• PROVIDED RECORDS:
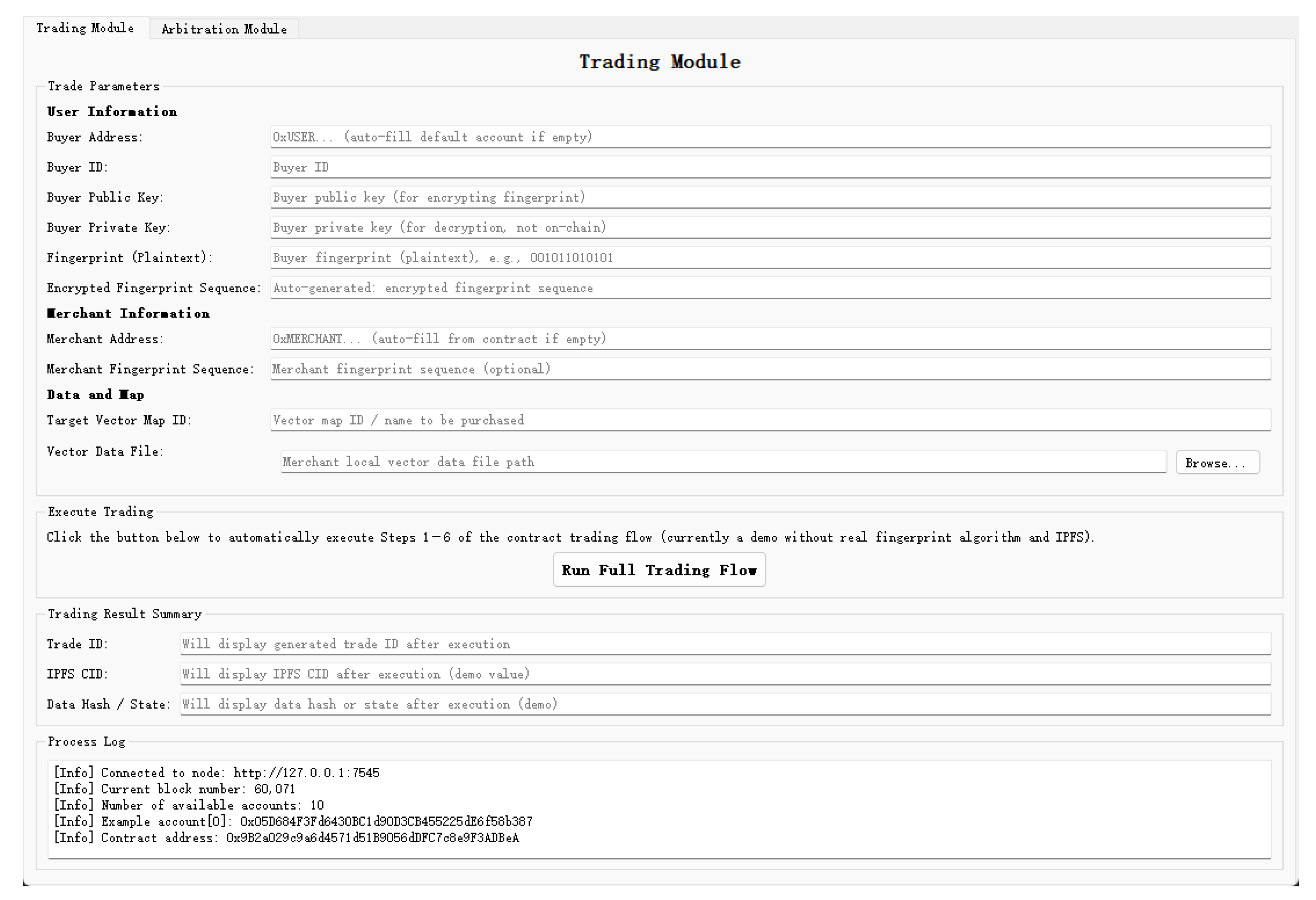 - A blockchain-enabled smart contract framework is developed to integrate fingerprint binding, data delivery, and automated dispute arbitration into a unified execution process. By embedding responsibility attribution logic directly into smart contracts, the proposed framework provides tamper-resistant, transparent, and third-party-free copyright protection for vector geographic data transactions.
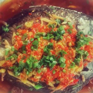上面放野山椒,辣椒酱,姜蒜,浇上蒸鱼鼓油和味极鲜酱油,包起来放烤箱烤25-30分钟
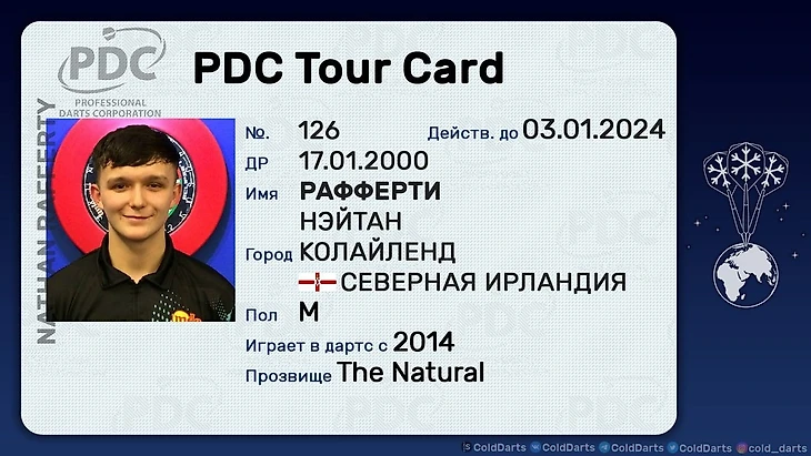 Нэйтан Рафферти – уроженец Колайленда, небольшого шахтёрского городка в центральной части Северной Ирландии. Сегодня, 17 января, парню исполняется 22 года – таким образом, наш герой ещё и именинник! Рафферти впервые взял дротики в 14 лет и в том же возрасте выиграл юниорский чемпионат своей страны, показав талант точно бросать в цель. С 2016 года Нэйтан крутится в системе PDC, а его лучший результат – 1/16 финала на UK Open в 2018-м. Причём тогда Рафферти сенсационно обыграл Питера Райта!
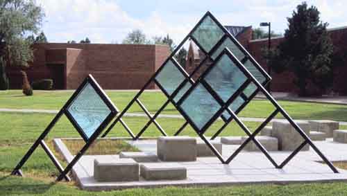This sculpture was commissioned for the Art in Public Places Program of New Mexico Arts, a division of the Office of Cultural Affairs. KEN LEAP, Metamorphosis: Mind and Matter, 1999. Glass, steel, and concrete, 21' x 28' x 8.5'. Eastern New Mexico University, Portales, New Mexico. View from the north.
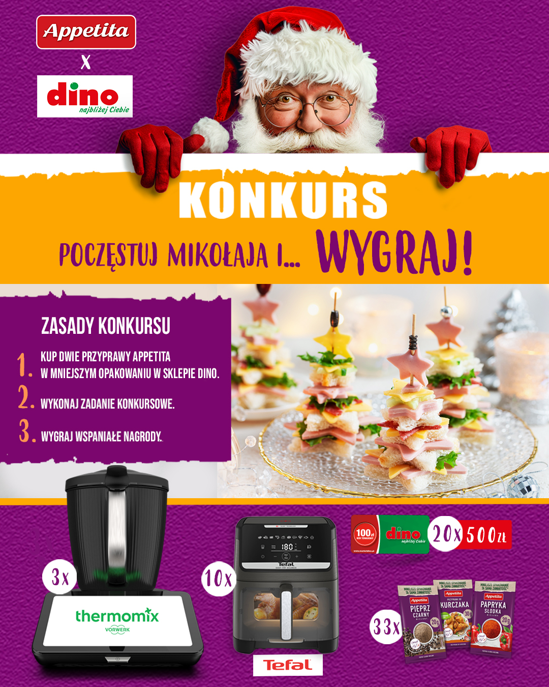 Marka Appetita zaprasza do udziału w świątecznym konkursie „Poczęstuj Mikołaja i… WYGRAJ!”, który łączy kreatywność z kulinarną zabawą i zachęca do tworzenia wyjątkowych potraw inspirowanych grudniową atmosferą. Uczestnicy mogą zdobyć atrakcyjne nagrody, w tym m.in. 3 urządzenia Thermomix™ 7, 10 frytownic beztłuszczowych Tefal Silent Technology oraz 20 bonów do marketów Dino o wartości 500 zł, a także zestawy przypraw Appetita.
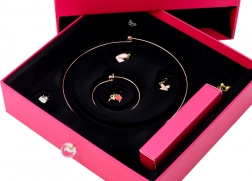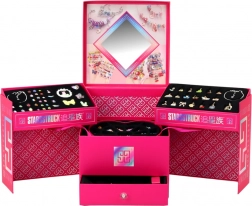 Questo generoso set per creare gioielli in un portagioie rosa (26 × 23 × 23 cm) entusiasmerà ogni bambino che ama creare. All’apertura, le pareti della scatola scorrono rivelando tre grandi ripiani pieni di tesori colorati – dai ciondoli a forma di farfalle, fiorellini e stelline a un’ampia selezione di perline con bellissimi motivi. Al centro trovi un grande cuore con mini perline accuratamente suddivise; in basso un cassetto estraibile con cordini colorati, ciondoli e una collana dorata come base per i tuoi gioielli originali.
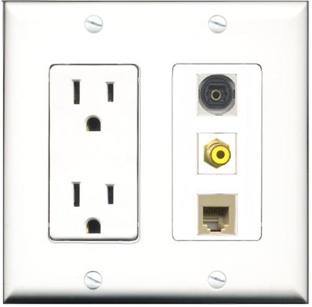 RiteAV - 15 Amp Power Outlet 1 Port RCA Yellow 1 Port Phone Beige 1 Port Toslink Decorative Wall Plate
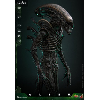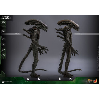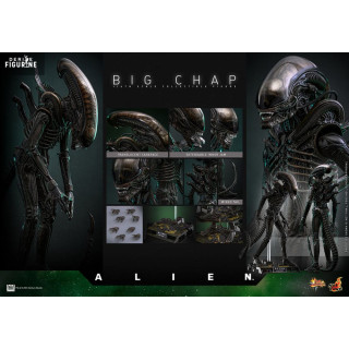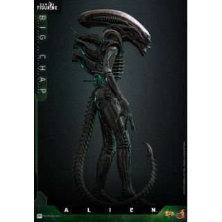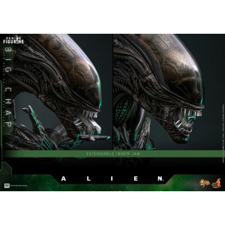 Big Chap is shown in his full threatening stance: tall, lean, with articulated limbs, a curling tail, and a translucent dome revealing internal structures. The extendable inner jaw is included, ready to strike. Every detail recalls H.R. Giger’s chilling design.
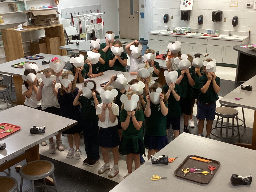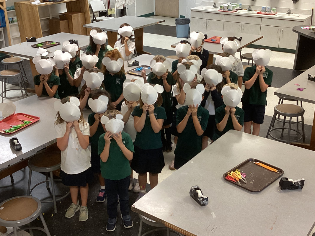 The 1B and 1S art students are shown below proudly displaying the base structures of their Mr. and Ms. Mousey Head paper sculptures.  In this geometry-based art project, students internalize the concept of the cone by making one from a paper plate.  The cone serves as the base form upon which each student will work creatively to give his or her mouse head a unique personality.  During the next few weekly classes, students will use colored tissue paper, a glue/water mixture, yarn, corn, pom poms, and cotton to finish their sculptures.
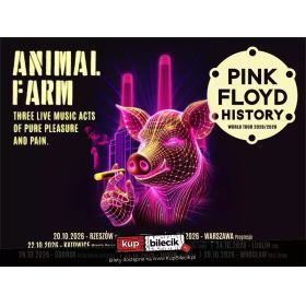 bilety: Pink Floyd History ,,Animal Farm Three Live Music Acts Of Pure Pleasure And Pain - World Tour 2026-2028" Na scenie wystąpią wyjątkowi muzycy, którzy dzięki swojej pasji i talentowi ożywią nieśmiertelne piosenki Pink Floyd z nienaganną wiernością i potężną energią, tworząc dla Was niezapomniane przeżycie. Zapraszamy na koncerty! Bilety do nabycia na: KupBilecik.plPink Floyd History artyści: Pink Floyd HistoryKoncert Pink Floyd History odtwarza muzyczną drogę legendarnego zespołu: od psychodelicznych brzmień z początków kariery aż po utwory z nurtu rocka progresywnego. Dźwiękom nieodłącznie towarzyszy niesamowita oprawa wizualna, potęgująca wyjątkową atmosferę muzyki Pink Floydów. Składają się na nią porywająca gra świateł, hipnotyzujące projekcje i mapping, a całość ilustruje artystyczne idee, jakie przyświecały różnym etapom twórczości zespołu. Pink Floyd History, okrzyknięty jednym z najlepszych tribute bandów, już niebawem po raz pierwszy zagości w Polsce, prezentując pełne emocji wydarzenie, które z pewnością nie tylko warto zobaczyć i usłyszeć, ale którego też przede wszystkim warto doświadczyć. Bilety do nabycia na: KupBilecik.pl |
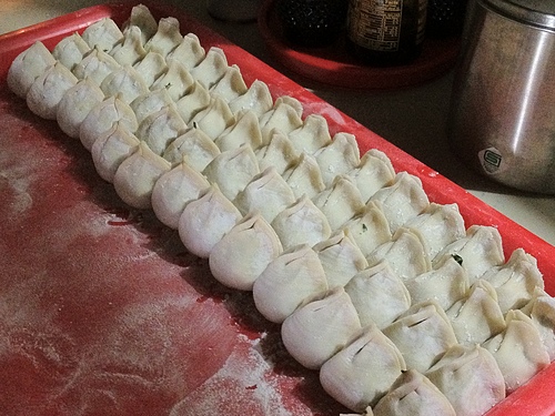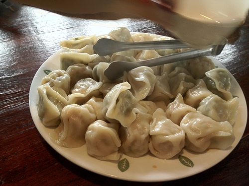 我們一共點了七十個山茼蒿和高麗菜水餃(其實都看老闆娘的安排,我們只是點頭如搗蒜的答應)...山茼蒿的味道,我也不會形容,像是淡淡的芫荽或紫蘇味,不過老闆娘手作沾醬更香,但是有點辣!

• EXERCISE DIRECTIONS:
All lines above from the one containing "上面放野山椒,辣椒酱,姜蒜,浇上蒸鱼鼓油" up to and including the one containing "This sculpture was" are to be set down exactly, and nothing else. Leave images out.

• COMPLETED TASK:
上面放野山椒,辣椒酱,姜蒜,浇上蒸鱼鼓油和味极鲜酱油,包起来放烤箱烤25-30分钟
 Нэйтан Рафферти – уроженец Колайленда, небольшого шахтёрского городка в центральной части Северной Ирландии. Сегодня, 17 января, парню исполняется 22 года – таким образом, наш герой ещё и именинник! Рафферти впервые взял дротики в 14 лет и в том же возрасте выиграл юниорский чемпионат своей страны, показав талант точно бросать в цель. С 2016 года Нэйтан крутится в системе PDC, а его лучший результат – 1/16 финала на UK Open в 2018-м. Причём тогда Рафферти сенсационно обыграл Питера Райта!
This sculpture was commissioned for the Art in Public Places Program of New Mexico Arts, a division of the Office of Cultural Affairs. KEN LEAP, Metamorphosis: Mind and Matter, 1999. Glass, steel, and concrete, 21' x 28' x 8.5'. Eastern New Mexico University, Portales, New Mexico. View from the north.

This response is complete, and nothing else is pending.